BEGIN
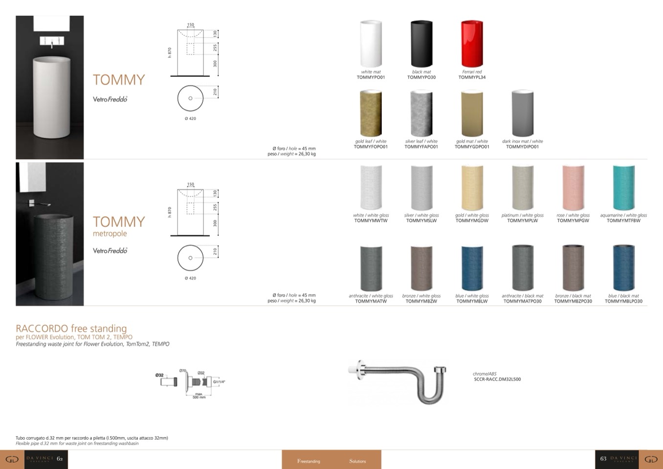 Freestanding waste joint for Flower Evolution, TomTom2, TEMPO
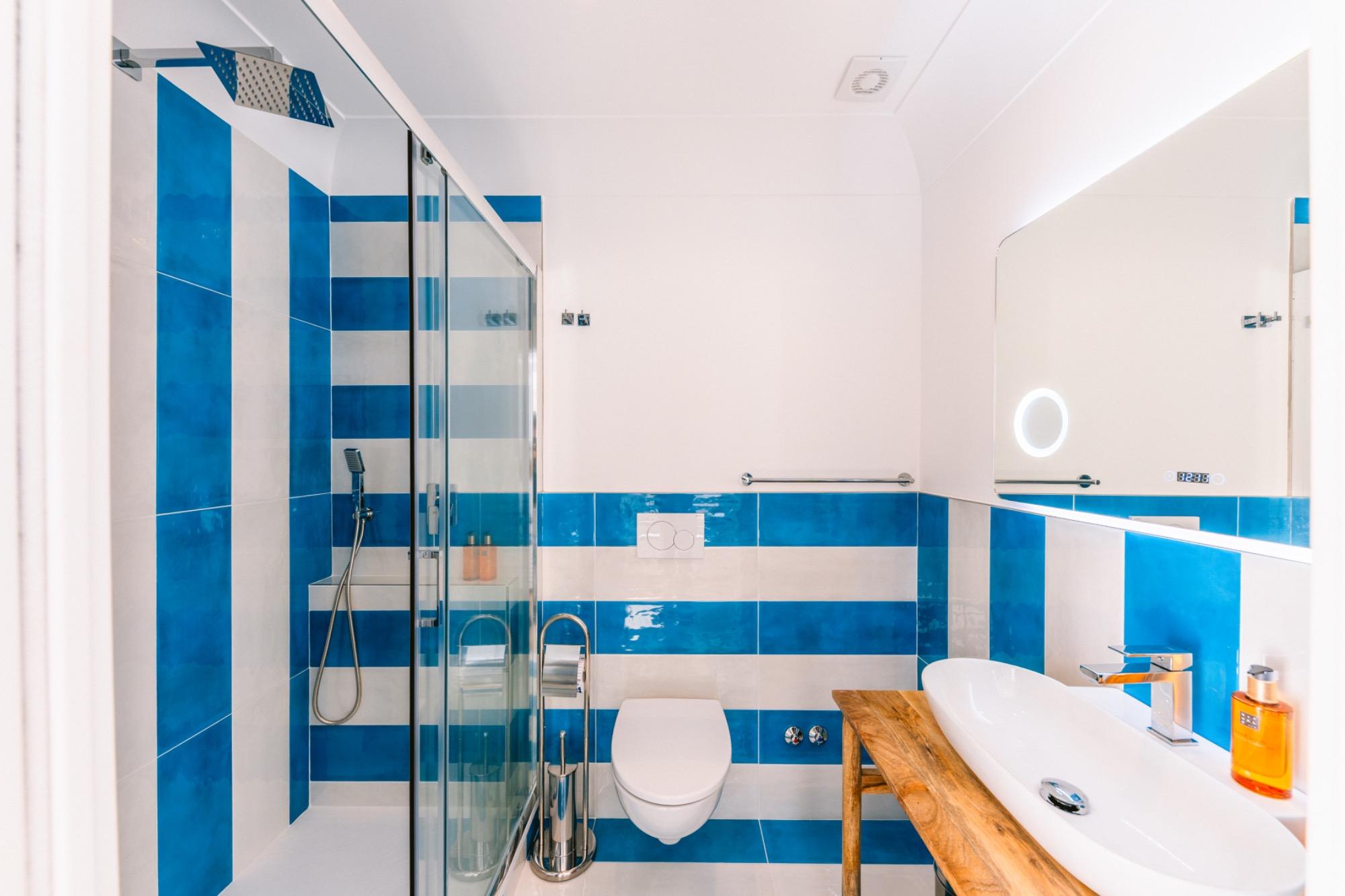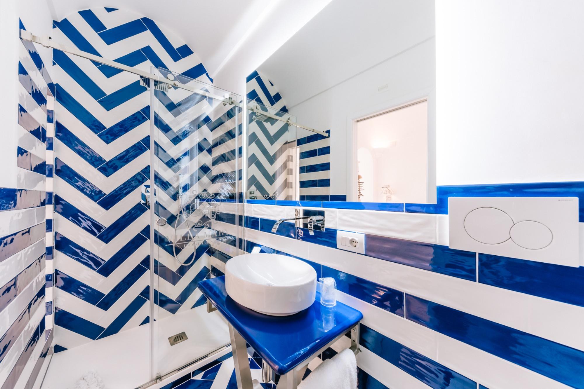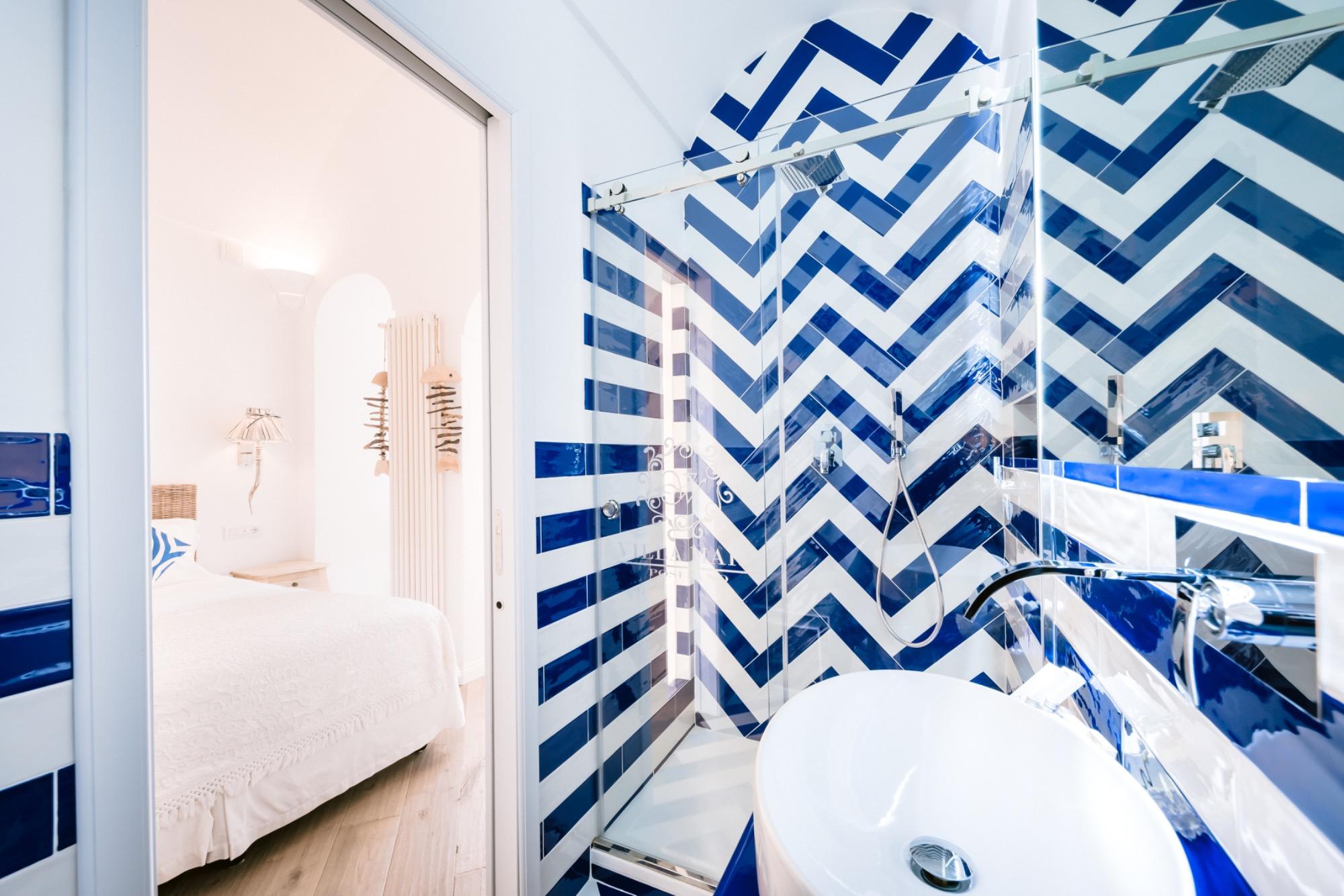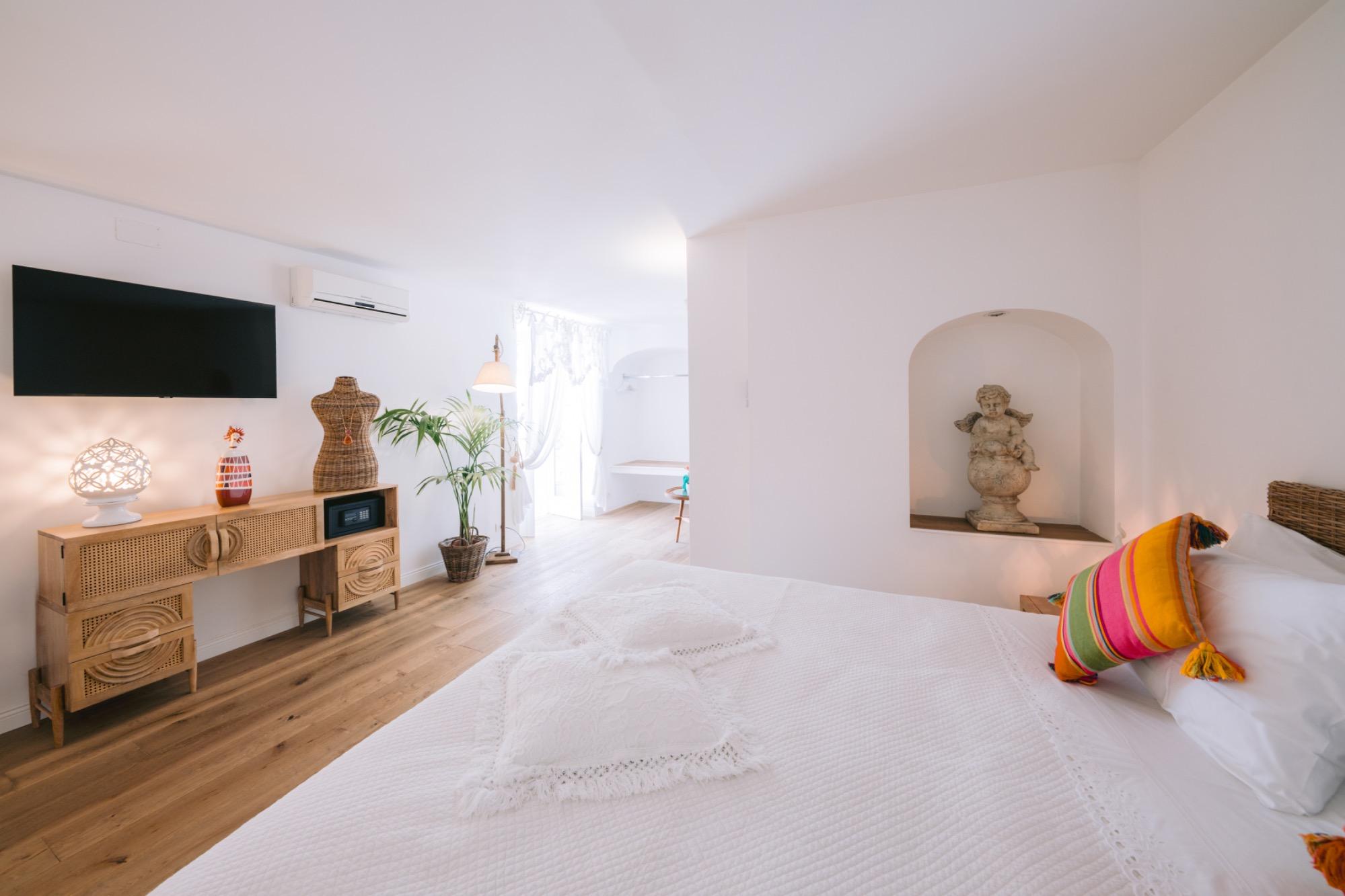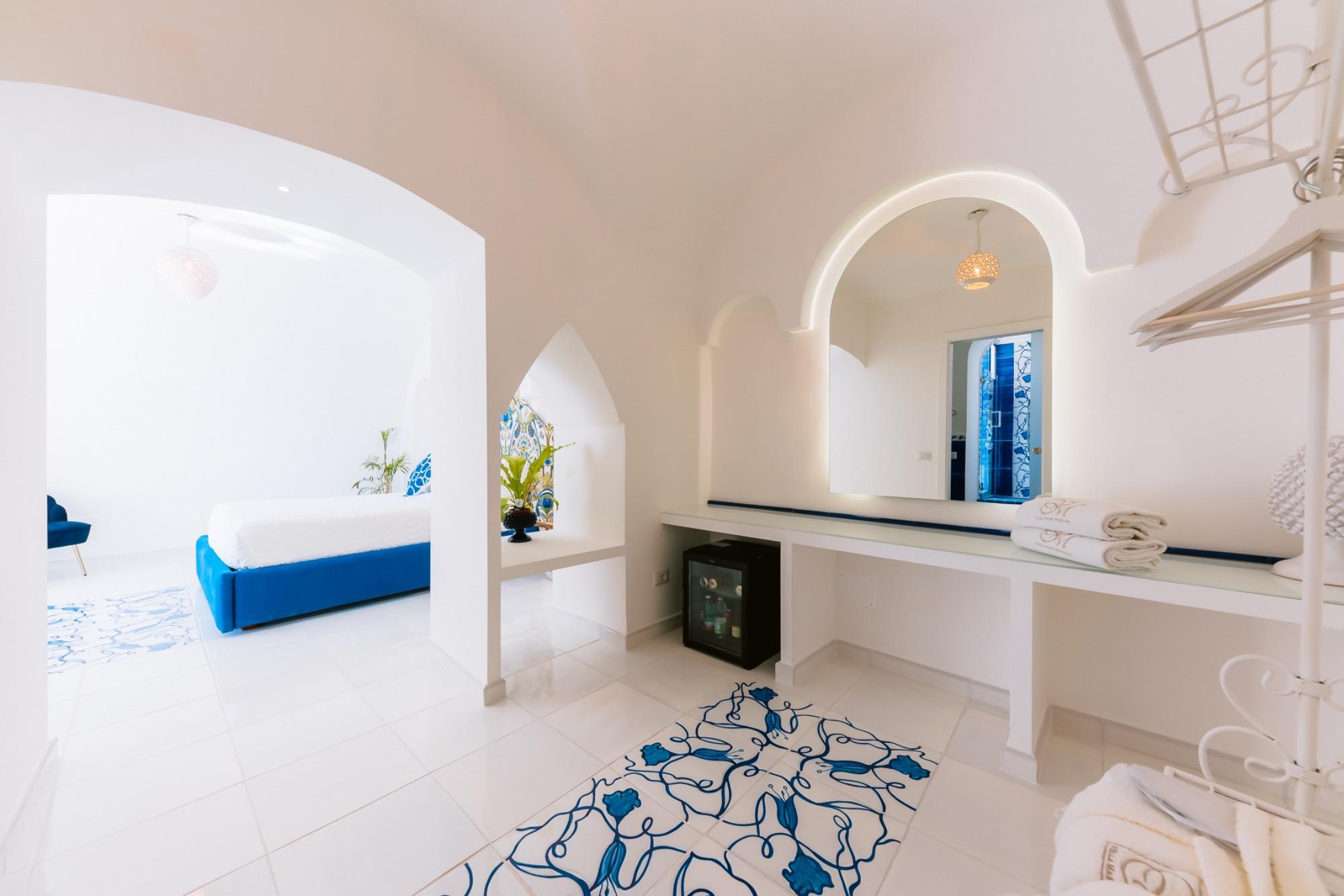 Certainly, here's the corrected version in English: "The pure white and the blue of the Tyrrhenian Sea merge to breathe life into a suite crafted from precious materials, entirely hand-modeled by the skillful local artisans. This suite is the result of the meticulous restoration of a 19th-century building, characterized by its arches and vaults, and it boasts a private panoramic terrace that overlooks the iconic pyramid of Positano, gracefully descending into the crystal-clear waters of the Amalfi Coast. This generously sized suite offers a luminous space, complete with a dressing room, and an enchanting bathroom featuring a panoramic shower."
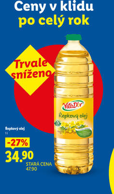 - Řepkový olej, 1 l v akci, se slevou 27%, za 34,90 Kč .
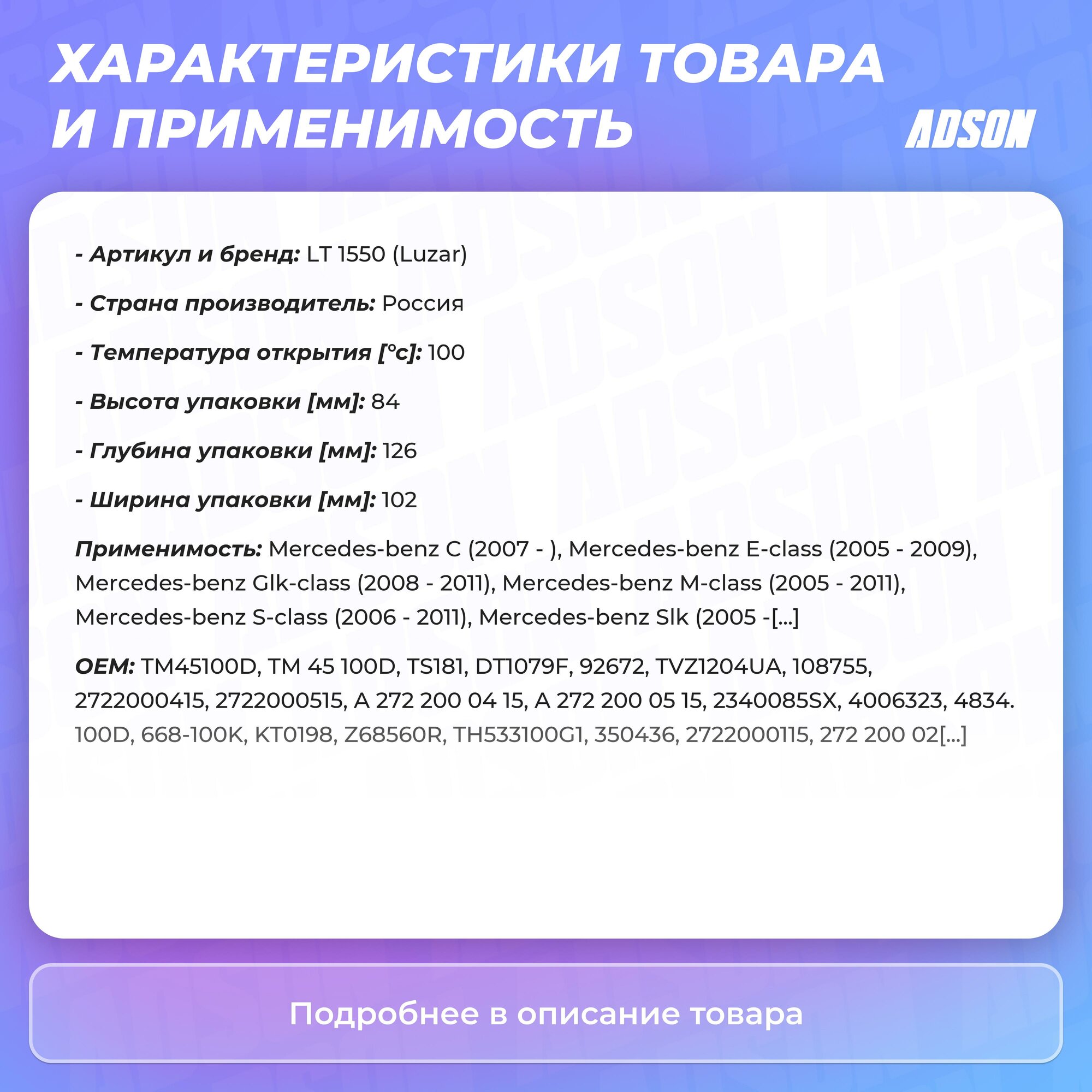 ![LUZAR Термостат для автомобилей Mercedes Benz C (W204) (07-)/E (W212) (09-) [M272] (с алюм. корпусом) LUZAR](https://cdn.xn--80agbcqdjc3d.xn--p1ai/images/prodacts/290/0/0.jpg)
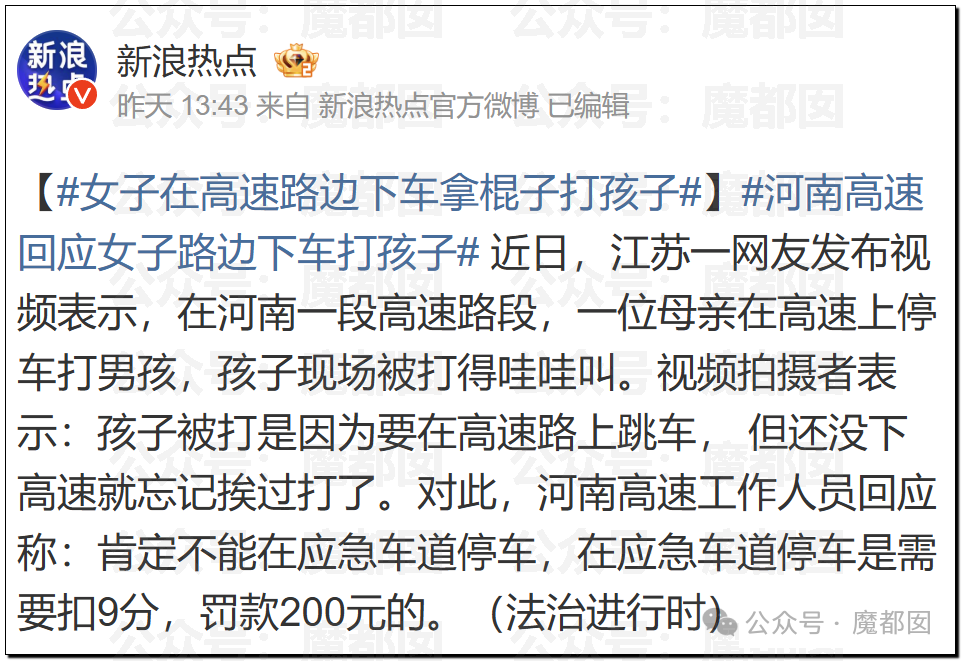 今天还有一个高速公路旁边打孩子的事情上了热搜。
END
(TRY IT) No pictures should appear in the copy. Print exactly the lines above from the line containing "Термостат для автомобилей" through the last line of the data.

(TASK RESULT)
 ![LUZAR Термостат для автомобилей Mercedes Benz C (W204) (07-)/E (W212) (09-) [M272] (с алюм. корпусом) LUZAR](https://cdn.xn--80agbcqdjc3d.xn--p1ai/images/prodacts/290/0/0.jpg)
 今天还有一个高速公路旁边打孩子的事情上了热搜。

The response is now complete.